Нормальное ли это явление с точки зрения будущего развития стран? Большинство правительств обеспокоено низкой рождаемостью. Во многих странах принимаются меры, направленные на поддержку семей с детьми и рост рождаемости. В других странах, речь прежде всего о Китае, отказываются от политики, направленной на ограничение рождаемости. С низкой рождаемостью связывают ускоренное старение населения, депопуляцию, замедление темпов экономического роста и возможное понижение уровня благосостояния. Низкая рождаемость ведет к сокращению численности населения в трудоспособных возрастах, что способствует усилению притока мигрантов. Отсюда вытекают проблемы социально-культурного порядка – взаимодействия принимающего социума с вновь прибывшими группами.
— В США, по оценке компании ReckitBenckiser, в 2021 году рождаемость снизится на 300–500 тысяч детей, причем один из главных драйверов – коронавирусная инфекция и вызванный ею спад в экономике. В Китае, по оценке Barclays, на 8%, то есть на 1,17 млн. Каковы прогнозы по России?
— В России, как и в других странах, по моему мнению, пандемия вызовет падение рождаемости. Этому способствует экономический спад, который следует за пандемией.
Подчеркну, что мы говорим о рождаемости в терминах рождений у одной женщины. А общее число рождений может меняться врезультате увеличения или сокращения числа потенциальных матерей. В России сегодня число потенциальных матерей сокращается: в репродуктивные возраста вступает малочисленное поколение 1990-х гг. рождения.
— Альтернативой пособиям для родителей называют программы по уменьшению смертности – коэффициент смертности у нас, по данным РАНХиГС, на 27-30% хуже, чем в ЕС. Есть нацпроект, направленный в первую очередь на это. Как вы оцениваете успехи государственных мер в этой области?
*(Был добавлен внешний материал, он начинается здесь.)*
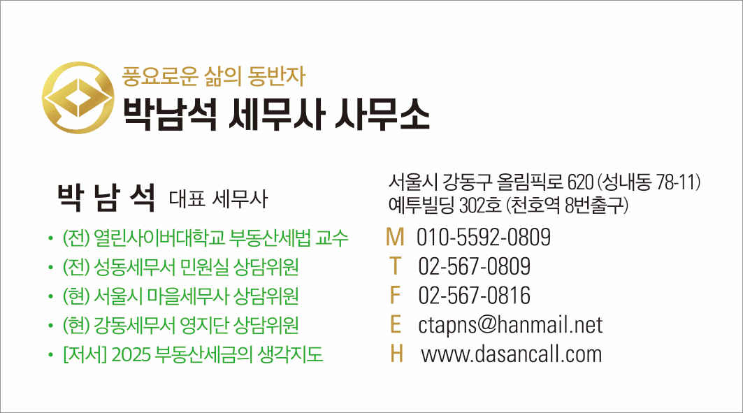일반주택과 양도소득세(재개발재건축 제외) 강사 : 박남석세무사 일자 : 11월 6일(목), 11월 13일(목), 11월 20일(목) 총 3일 9시간 시간 : 19시~22시 장소: 박남석세무회계사무소 주소: 서울시 강동구 올림픽로 620 예투빌딩 302호 150,000원
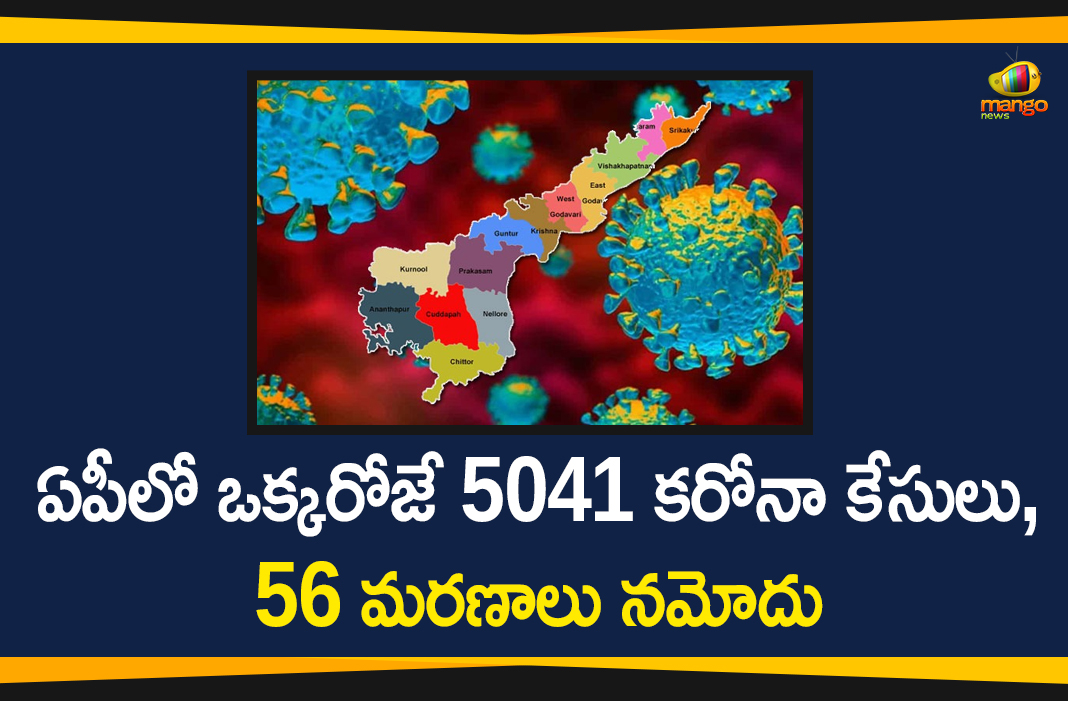 ఆంధ్రప్రదేశ్ లో కరోనావైరస్ ప్రభావం రోజురోజుకి మరింతగా పెరుగుతుంది. దీంతో రికార్డ్ స్థాయిలో కరోనా కేసులు, మరణాలు నమోదవుతున్నాయి. రాష్ట్రంలో మరో 5041 కరోనా పాజిటివ్ కేసులు నమోదయ్యాయి. కొత్తగా నమోదైన 5041 కేసులతో కలిపి జూలై 19, ఆదివారం ఉదయం 10 గంటల వరకు మొత్తం కేసుల సంఖ్య 49650 కు చేరింది. గత 24 గంటల్లో(9AM-9AM) 31,148 శాంపిల్స్ పరీక్షించినట్టుగా తెలిపారు.
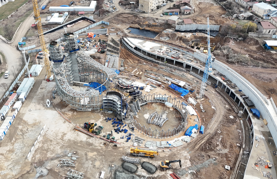 В настоящее время на территории продолжаются железобетонные и электромонтажные работы, а также сборка металлоконструкций.
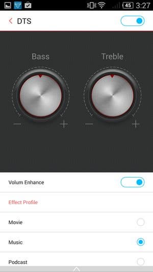 В звуковом плане смартфон весьма неплох. Про наличие отдельного звукового чипа ничего не сказано, возможно его тут и нет, но зато имеется поддержка технологии обработки звука Dolby Digital. Издаваемый основным динамиком звук в целом неплох, искажений особых не замечено, однако это не самый громкий из смартфонов. В слуховом динамике искажений не наблюдается, голос знакомого собеседника, интонации и тембр хорошо узнаваемы. Музыкальный проигрыватель богат на возможности, а настройками можно повлиять на увеличение громкости и добавить низких частот. FM-радио в штатной комплектации смартфона имеется, нашелся и диктофон. Радио работает лишь с подключенными наушниками, выполняющими роль антенны. Диктофон штатными средствами умеет записывать разговор с линии, в настройках можно даже включить автоматическую запись всех телефонных переговоров, если имеется такая необходимость.
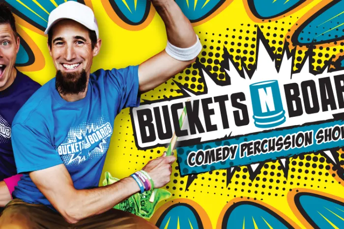 Buckets N Boards is a hilarious and high-energy show chock-full of amazing percussion, ridiculous songs, spectacular tap dancing, inventive instrumentation and an incredible variety of musical talents! Matthew Levingston and Gareth Sever have hand crafted a fresh and unique clean comedy experience for the entire family to enjoy! Buckets N Boards have toured the world and are currently one of the top requested headlining acts for Disney Cruise Lines. They have been featured twice with the Kansas City Symphony and are currently heading into their 14th Award Winning season in Branson, MO! Regarded as a must see show for any evening out with the family, their unexpected comedy and upbeat personalities will leave you laughing for the rest of your week. See you there!

— Мне кажется, речь идет о разных вещах. Политика поддержки семей с детьми в странах с низкой рождаемостью преследует одни цели (предупреждение бедности и снижение масштабов неравенства, и только потом – демография), а политика, направленная на рост продолжительности жизни и снижение смертности, – другие. Должна проводиться и та, и другая политика. В итоге мы получим и улучшение параметров воспроизводства население за счет снижение смертности, и повышение человеческого капитала, с возможным последующим повышение рождаемости. Если снизится смертность и улучшится здоровье населения в трудоспособных возрастах, то это увеличит (пусть и ненамного) число рожденных детей. Напомню, что наша страна отличается очень высоким уровнем смертности (сверхсмертностью) именно в молодых трудоспособных возрастах.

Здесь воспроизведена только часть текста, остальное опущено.